Future Areas of Inquiry
This is a limited experiment. It is small, uses small models and uses an overused dataset. However, I have shown that theory appears to be supported in my toy model. Right now, I don’t have access or capital for the GPUs to push this much further at pace. I’m sure I will progress in the future work section. However, if anyone would be willing to sponsor my work with credit then I would be very gracious. My goals would be to push this more formally towards a CBS like framework and show how we could use this method effectively in practice.
Below are some questions that are on my mind.
Does CRS hold at various scales and datasets?
- This is pretty self explanatory. Does this only work as a product of my experiment or do the indications hold true more broadly?
What’s causing the noisy samples?
- I did not yet pull noisy samples. It would be interesting to look at what the samples express in linguistic space or the property of the prompts. I would also like to filter our noisy samples entirely and see how that affects training.
How effective is difficulty filtering using our noise metrics?
- We have indications that the noise metrics match closely with results from difficulty filtering. This indicates that noise based approaches may be effective in curriculum learning.

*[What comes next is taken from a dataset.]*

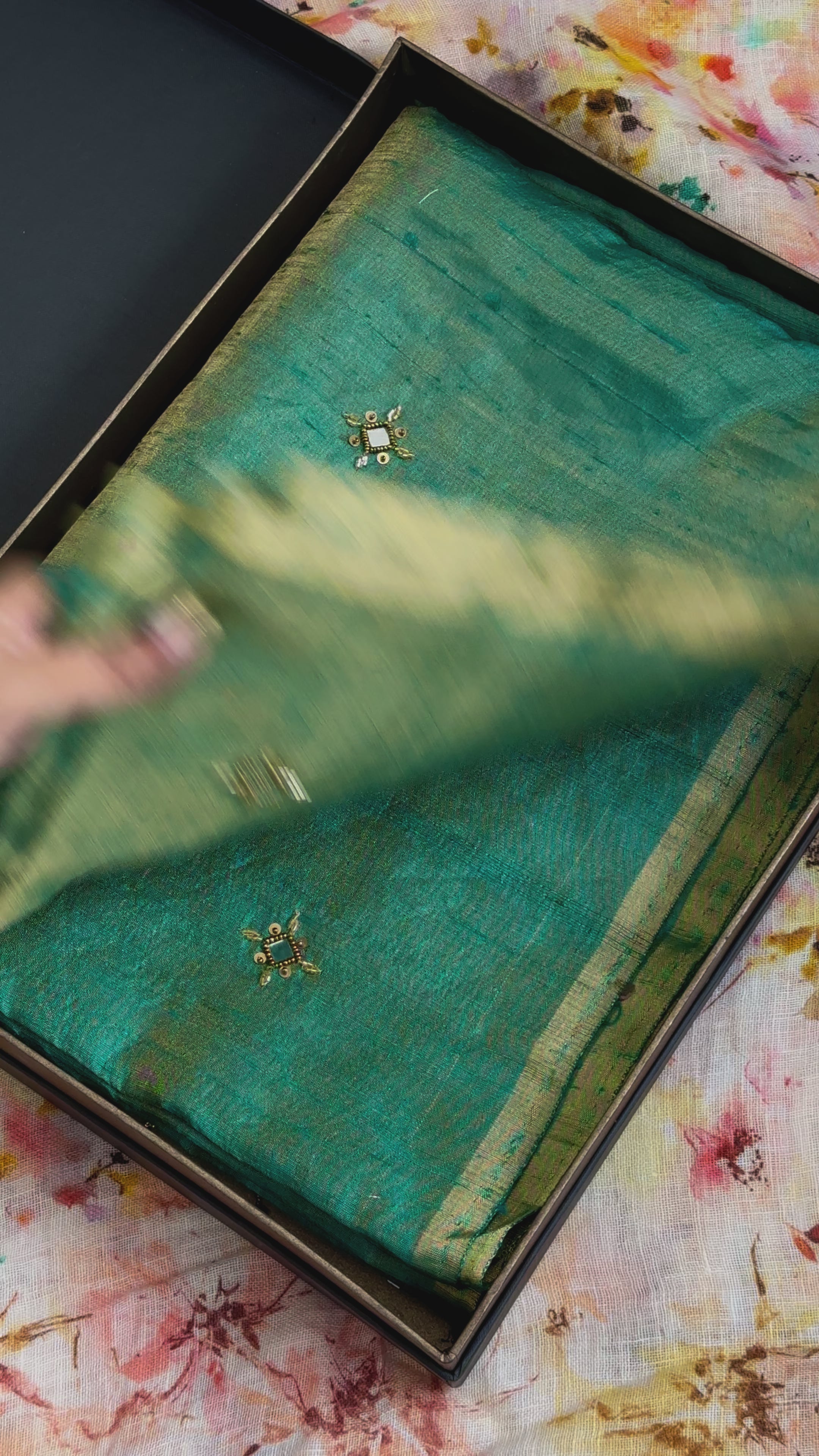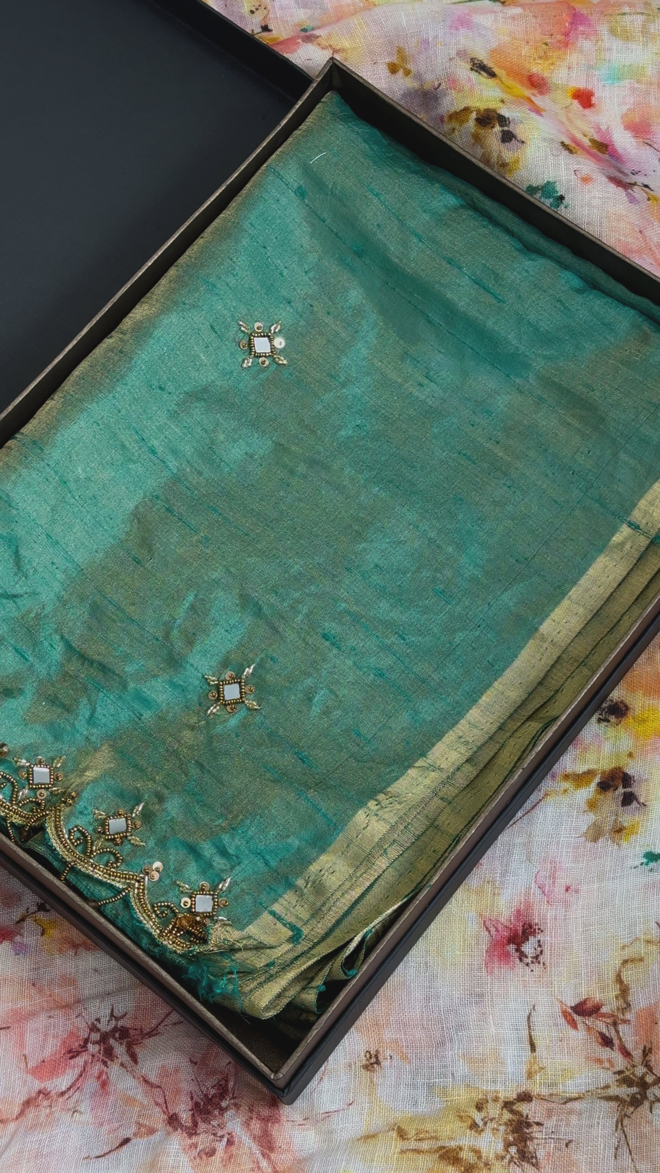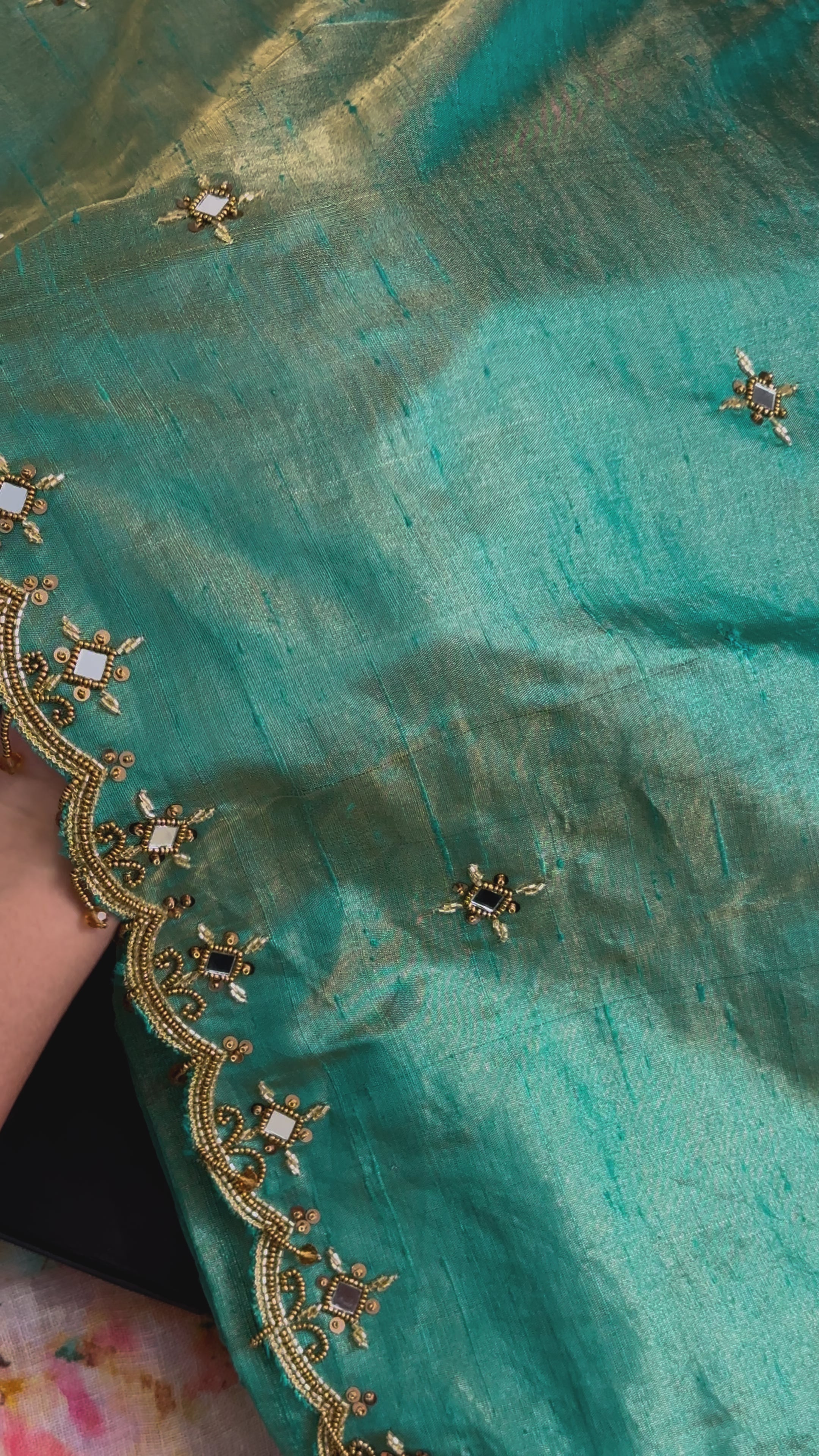 Saree: Pure Silk Dupion Tissue with handwork on body and pallu edges

Can we correlate our covariance noise with anything else (entropy, variety, noise)?
- The goal here would be to completely remove the need for gradient calculations. Alternatively, I’m sure that my implementation can be optimized. The ability to quickly and efficiently calculate the saturation point of rollouts will be useful.

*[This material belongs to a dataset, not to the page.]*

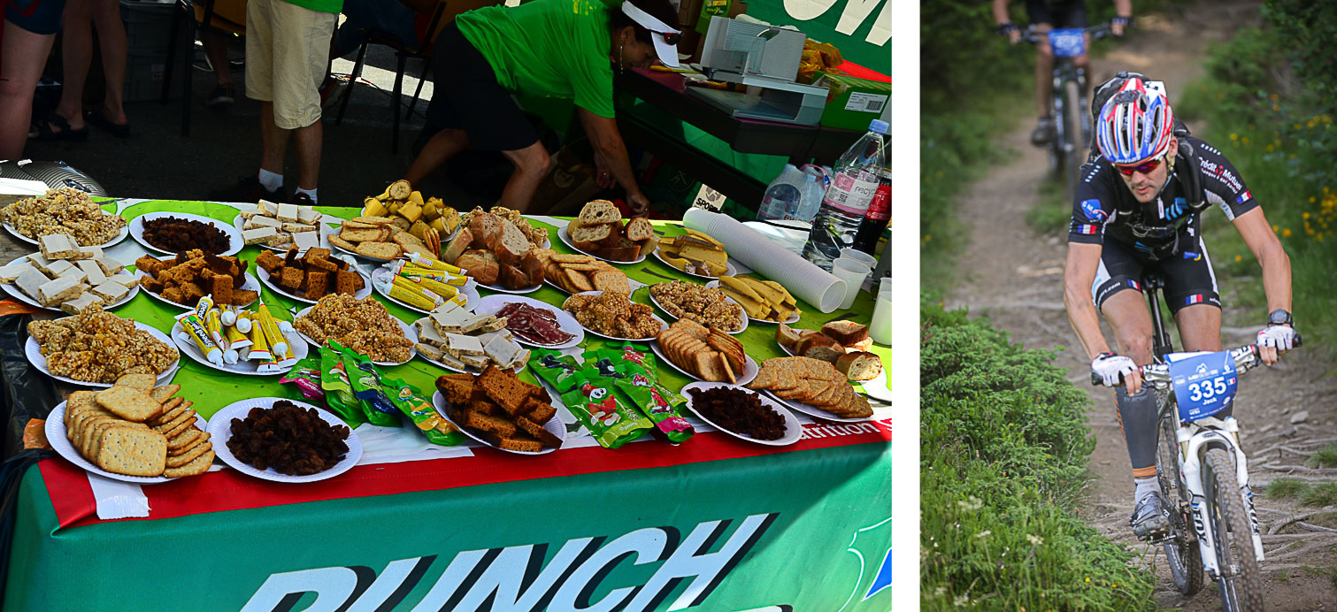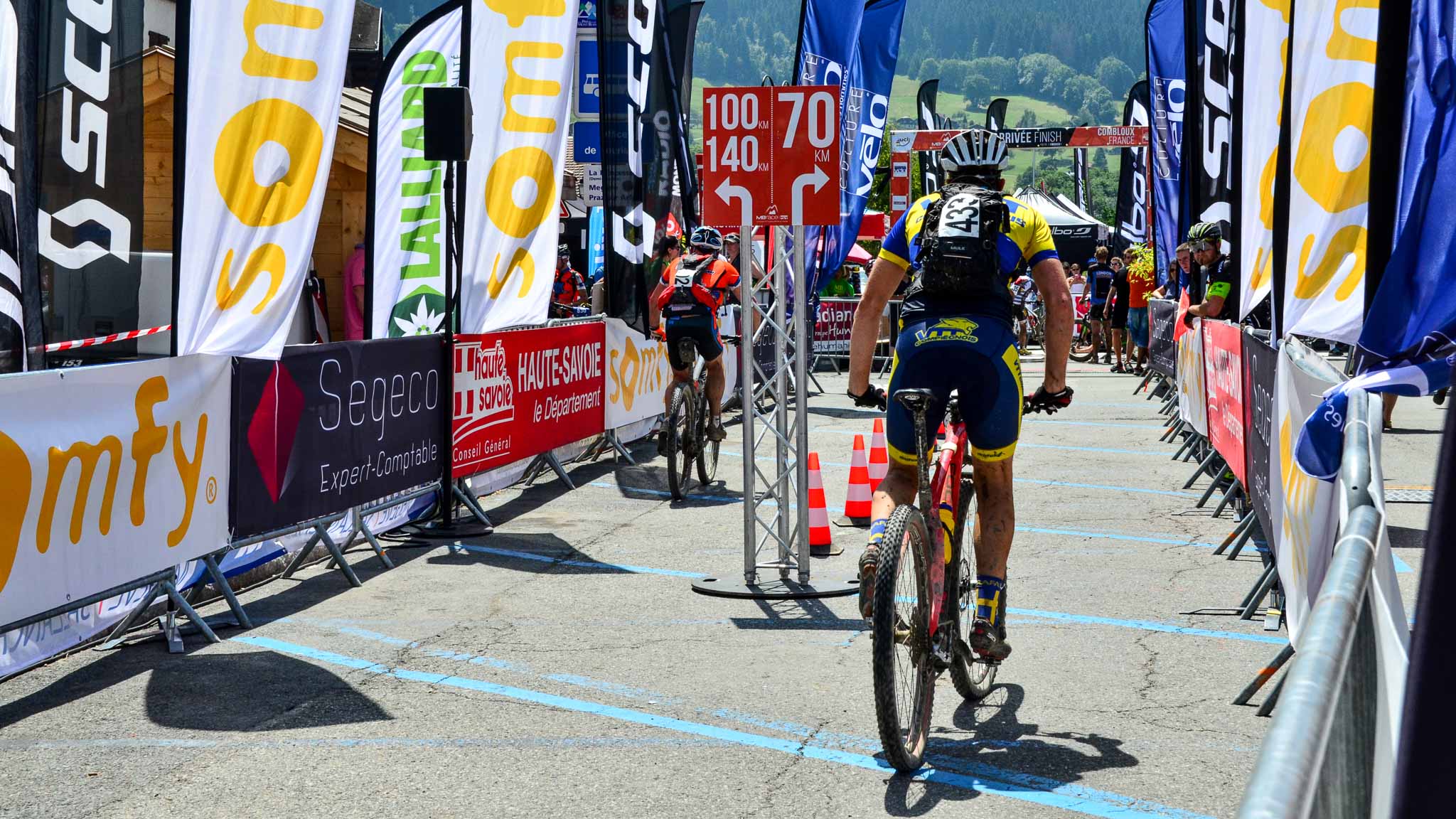 A la moitié de cette longue ascension, on profite du ravitaillement du Gâteau (ça ne s’invente pas). Son emplacement est stratégique car les bidons sont pratiquement vides et la plupart des concurrents s’y arrêtent pour faire le plein. Une fois passé la tête de la Torraz, le tracé nous balade sur la crête du Bonjournal, une succession de 4 coups de cul à la limite du roulable, et le dernier se négocie obligatoirement en poussant le vélo. Une fois le col du Jaillet atteint, nous plongeons sur Combloux via la piste d’enduro/DH du bike park. Un pur régal, mais qui nécessite de rester attentif, d’autant que le final comporte quelques portions droites très rapides qui mettent les freins à rude épreuve.

What are the implications on a multi-turn environment?
- Like DOTA, I would assume a multi-turn environment will have even noisier updates which pushes us closer to CBS like dynamics. This begs many follow-up questions all around scaling the environment.

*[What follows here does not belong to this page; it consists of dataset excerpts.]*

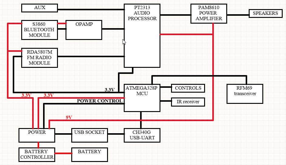 I had some PAM8610 amplifier boards so I decided to use them. It requires 9V power supply (PT2313 requires too) so we need a step-up. No problem, sx1308 is a reliable and cheap solution with high operated frequency so we do not need a very large inductor (not suitable for hi-fi, but it is not hi-fi :) ).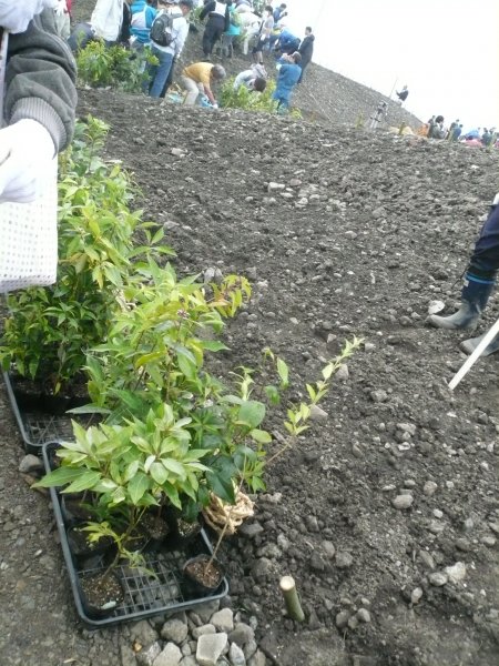 今回は処理に困っている瓦礫も植えて、その空間がさらに根を張るのに適しているそう。
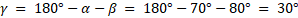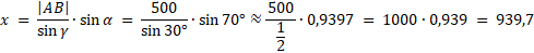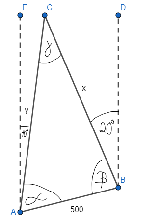 Dwóch obserwatorów znajduje się w punktach A i B, które są oddalone od siebie o 500 m (zgodnie z rysunkiem). Obserwator A raportuje, że punkt C jest odchylony o 10°, a punkt B o 80° na wschód od kierunku północnego. Obserwator B stwierdza, że punkt C jest odchylony o 20° na zachód od kierunku północnego. Oblicz odległość każdego z obserwatorów od punktu C, z dokładnością do 0,1 m.

How can we increase diversity?
- Without scaling the environment, how can we increase diversity? Using CRS as a metric, we can directly look at strategies to increase diversity without the need to train a model with swept rollout sizes.
Is it optimal to increase diversity only of pivot tokens?
- O3 and 01 by OAI were ground breaking moments in RLVR for LLMs. However, they had quite a few quirks which were likely from OAI increasing entropy in any way possible during RL. GPT5 variants do not have these quirks. Could this be related to increasing entropy on pivot tokens instead of across entire traces? Non-pivot tokens tend to be completion focused as opposed to redirecting (potentially as a result of local - global dynamics of pretraining).
If we bound LLMs in game-like settings does that help or hurt?
- This is essentially why we build current RL environments. How much does our restriction of the model impact our CRS? What kind of environments allow us to generate viable signal? These are questions that a more robust CRS analysis allows us to address.